I don’t want us to wait until we’re no longer hurting before we find some answers to the issue at hand: What can we do to prevent this from happening again? I believe storm sirens would be a productive start?

Keep it in perspective

Once in a while, news of the day can render whatever discomfort we are feeling to be irrelevant, if not laughable.

Here’s what happened to me on Monday morning.

I was delivering my weekly run of Meals on Wheels to shut-in residents of Princeton. I left the house wearing just my shirt, a pair of shorts and sandals. I picked up the meals to deliver at a local church and went on my way. I made the first stop, chatted up the gentleman who is always waiting for me.

I drove to the second residence. On the way, it started to sprinkle. The rain worsened the farther along I drove. By the time I delivered my second meal, the sky had opened up. It poured. I got soaked.

I grumbled to myself as I drove to the third location. Damn rain, I wish it would stop … or so I muttered under my breath.

Then the news came on the radio, which I had turned on my truck to National Public Radio. The reporter told me of the suffering in Central Texas. The raging river had killed dozens of residents. Many of the victims were girls attending a church camp in Kerrville, It had destroyed thousands of homes. The deluge roared down the Guadalupe River bed at enormous speed, sweeping away trees, homes, big and small vehicles and presumably people.

That was the moment I realized I was bitching about something that didn’t matter one damn bit. Why am I complaining because I am getting wet from rainfall.

Needless to say, I realized in real time that my concerns about wringing my clothes from the rainfal paled in comparison to the unfathomable tragedy that has gripped our Central Texas neighbors.

I learned my lesson.

FEMA can earn its spurs … again!

One of the many idiotic ideas carried in Donald Trump’s big ugly bill is the dismantling of the Federal Emergency Management Agency, which Trump kicked aside because of alleged corruption or some made-up reason.

The entire world now gets to see if FEMA can re-earn its spurs by expediting aid to the stricken residents of Texas victimized by the raging Guadalupe River floodwaters. The scenes of entire homes being swept away in the deluge are mind-blowing and heartbreaking in the extreme. Families have lost every single thing they own while watching their homes being swallowed up by the raging storm.

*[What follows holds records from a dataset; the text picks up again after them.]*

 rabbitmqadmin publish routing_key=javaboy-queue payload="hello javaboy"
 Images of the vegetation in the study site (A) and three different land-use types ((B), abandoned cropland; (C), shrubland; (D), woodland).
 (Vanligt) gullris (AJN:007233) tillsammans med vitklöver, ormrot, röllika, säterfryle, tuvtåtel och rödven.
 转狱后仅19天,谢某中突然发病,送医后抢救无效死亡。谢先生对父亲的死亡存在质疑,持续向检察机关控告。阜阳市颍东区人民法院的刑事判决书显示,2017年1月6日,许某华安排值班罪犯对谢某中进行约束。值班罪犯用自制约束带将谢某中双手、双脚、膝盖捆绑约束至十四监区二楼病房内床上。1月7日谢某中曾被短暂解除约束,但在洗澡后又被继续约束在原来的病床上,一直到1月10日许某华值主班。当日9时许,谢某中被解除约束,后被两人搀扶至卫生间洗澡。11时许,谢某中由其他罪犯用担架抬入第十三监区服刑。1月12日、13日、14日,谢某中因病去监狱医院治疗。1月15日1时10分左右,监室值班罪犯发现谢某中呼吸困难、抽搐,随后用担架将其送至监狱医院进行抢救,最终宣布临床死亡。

FEMA stands ready to help all Americans in need. Texas Gov. Greg Abbott has declared an immediate disaster in the region. He is pulling together all the state resources at his command. Non-government agencies have stepped up. Pro sports teams’ ownership have ponied up money to buy food, medical supplies and assorted household goods for victims. The president now is obligated to do the same. FEMA is the feds’ go-to agency in times like these.

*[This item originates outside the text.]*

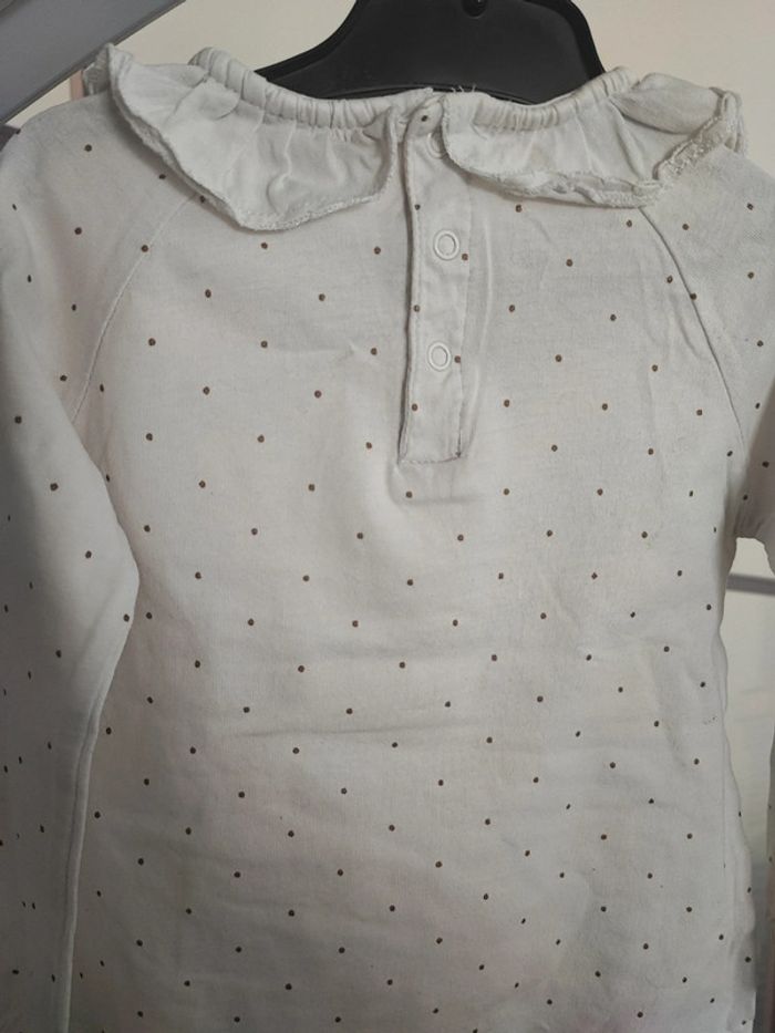 T-shirt manches longues blanc a pois taille 24 mois - photo numéro 5

I don’t know how Trump can reverse the damage his big ugly bill has done to our government’s operations. I damn sure hope he finds a way to bring FEMA back into the game of saving lives.

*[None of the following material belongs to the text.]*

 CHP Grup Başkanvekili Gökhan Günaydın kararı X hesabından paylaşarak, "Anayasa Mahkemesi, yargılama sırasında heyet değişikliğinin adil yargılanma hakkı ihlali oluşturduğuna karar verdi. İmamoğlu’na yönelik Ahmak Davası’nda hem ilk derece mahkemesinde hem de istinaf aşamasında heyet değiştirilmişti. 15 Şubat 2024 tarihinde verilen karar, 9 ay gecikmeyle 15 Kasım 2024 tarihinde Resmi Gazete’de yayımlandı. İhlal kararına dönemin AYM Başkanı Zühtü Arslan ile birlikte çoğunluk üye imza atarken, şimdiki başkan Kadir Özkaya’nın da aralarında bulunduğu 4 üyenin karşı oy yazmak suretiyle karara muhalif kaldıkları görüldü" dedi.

What if we had voted ‘blue’?

Grateful as I am for Donald Trump/s pledge to rush aid to struggling Texas families damaged by the raging floodwaters of the Guadalupe River, I feel compelled to ask what I believe is a fair question.

What would his response be if Texas had voted against him in three presidential elections?

Trump has this sickening habit of politicizing everything, of attaching partisan preferences to issues that demand that he act as president of the entire United States of America. Disaster relief of the scale that has befallen Central Texas is one of those issues.

We have seen his reaction to California wildfires when he lectured state officials on what he said was inadequate forest management policies. Or his silence on the assassination not long ago of a Minnesota state senator and her husband by a known MAGA supporter.

I dislike bringing all this up, but I know it’s on the minds of many Americans who are worried and grieving the loss of all those Texans from the carnage brought to the Hill Country by the Guadalupe River.

Texas has stood firmly in Trump’s corner through three presidential elections, in 2016, 2020 and 2024. I guess our state’s fealty to Trumpism has earned the quick federal response. It sure isn’t supposed to be that way.